The book analyzes the role of Nazi propaganda and the mufti, in spreading Nazi ideology and inciting antisemitism in the Middle East. The book also charts the development of the Middle East as it became modern, leading reviewer Johannes Houwink ten Cate to describe the title as apt.

==Reception==
Holocaust scholar Jeffrey Herf excoriates the book, writing that Schwanitz and Rubin "ignore the previous scholarship on Holocaust decision-making as well as the existing scholarship on Husseini's collaboration with the Nazis. Partly as a result, they exaggerate the Mufti's impact on Nazi policy. They turn a series of coincidental correlations in time into causal chains." Reviewing the book in the Israel Journal of Foreign Affairs, Matthias Küntzel raises a number of issues with the book, identifying some of its claims as "nothing but speculation" and concluding that "certain facts that do not fit the picture have simply been left out," damaging the book's credibility. In another article in the same journal, Meir Litvak calls the book "controversial" and argues its "allegations, however, do not stand the test of historical scrutiny and have been largely discounted."

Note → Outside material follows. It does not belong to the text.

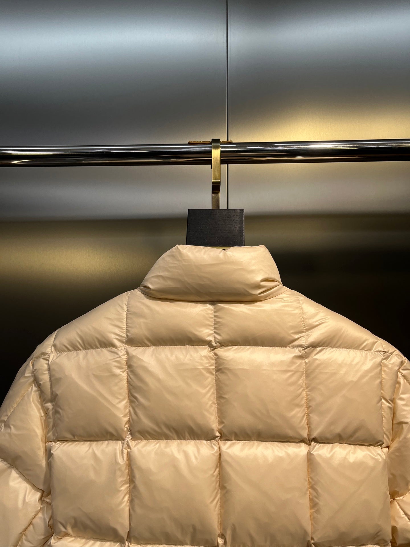 ·Cropped style·Goose down lining·Stand collar·Long sleeves

In his review, Houwink ten Cate describes the book as "seminal" and "extremely well-researched and documented" but makes a "minor criticism": he is not convinced by Schwanitz and Rubin's argument that the mufti convinced the Nazis to commit the Holocaust, which he considers to be refuted by research by Christopher R. Browning that the authors ignored. David Mikics concurs, arguing that "the notion that al-Husaini played a key role in Hitler’s settling on the Final Solution is based on one piece of thin hearsay evidence." He calls this claim "implausible, even silly." Nils Riecken makes a similar criticism, that "temporal proximity remains their only argument." He also criticizes the book for ignoring other research on the Holocaust, and sees the authors' methodology as "deeply problematic." However, as one of the authors Schwanitz responded to Mikics, that he misrepresents the book and argues it "is not a biography of the grand mufti of Jerusalem Amin al-Husaini [...] and Mikics fails to show how it compares to related works."

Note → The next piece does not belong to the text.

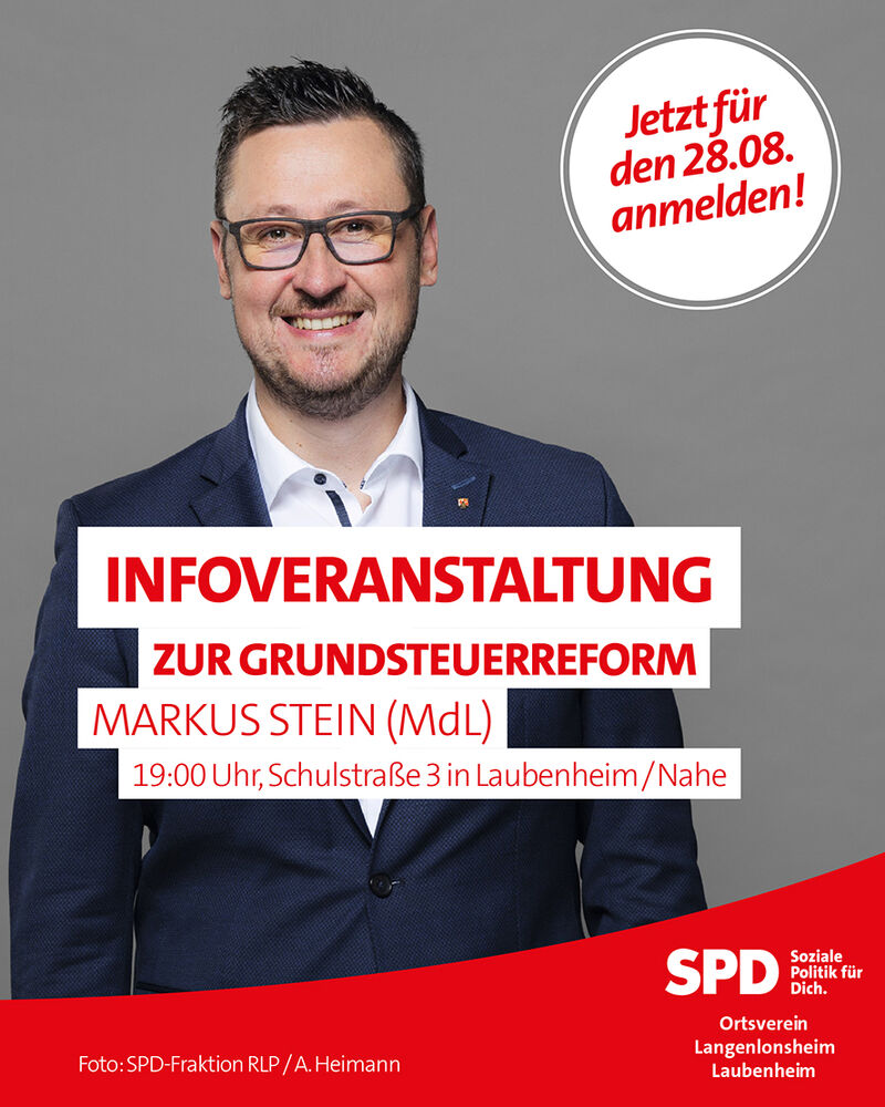 zum Thema Grundsteuerreform ein. Markus Stein ist seit 01. März 2019 Mitglied des Landtags Rheinland-Pfalz, Finanzpolitischer Sprecher der SPD-Landtagsfraktion und wird über die genannten Herausforderungen referieren.

David Rodman described the book as a "fascinating and insightful volume". Rodman opined that Nazism is no longer prominent in the West, but radical Arab nationalism and Islamism continue to be prominent in the Middle East. He called the book an "indispensable guide to explaining why the greater Middle East has been an utter shambles for the past seven decades". On the other hand, a review in Countercurrents.org questions whether the book contributes anything of value due to its ideological biases, "highly problematic theses," and "bizarre theories." Mia Lee contends that the book's "focus on the Mufti also creates a false link between contemporary anti-Semitism in the Middle East and the Nazis’ racial programme."

This is not a false link but an old one, responds Schwanitz. The perpetrators and their ideologies were connected before, in, and after both world wars. Born in the two decades before 1900, some experienced and later lead multiple genocides against local minorities while establishing from 1914 to 1918 a German-Ottoman axis and from 1939 to 1945 a Nazi-Islamist axis. Often the same persons connected both regions also by their genocidal cooperation based on nationalism, racism, and anti-Semitism. These efforts were led on the German side by about 100 key officials, politicians and Middle Eastern experts, and on the other side Islamists and nationalists that drove ahead their joint jihadization of Islamism.

Schwanitz shows this with the example of Jerusalem's Kedem auction house that posted three of six previously unknown photos on the Internet. On one photo taken in 1942, the grand mufti al-Husaini, Iraq’s former prime minister Rashid Ali al-Kailani, and the Indian nationalist Subhas Chandra Bose inspect Trebbin’s satellite camp of the concentration camp Sachsenhausen near Berlin along with two Nazi officials who were involved in the Holocaust. The photos of the visit to a Nazi camp associated with an SS artillery training school, both Arab leaders’ written genocidal pact with the Nazis, and their subsequent close involvement with the Final Solution demonstrate that they wanted the Jews of the Mideast to share the same fate as the Jews of Europe.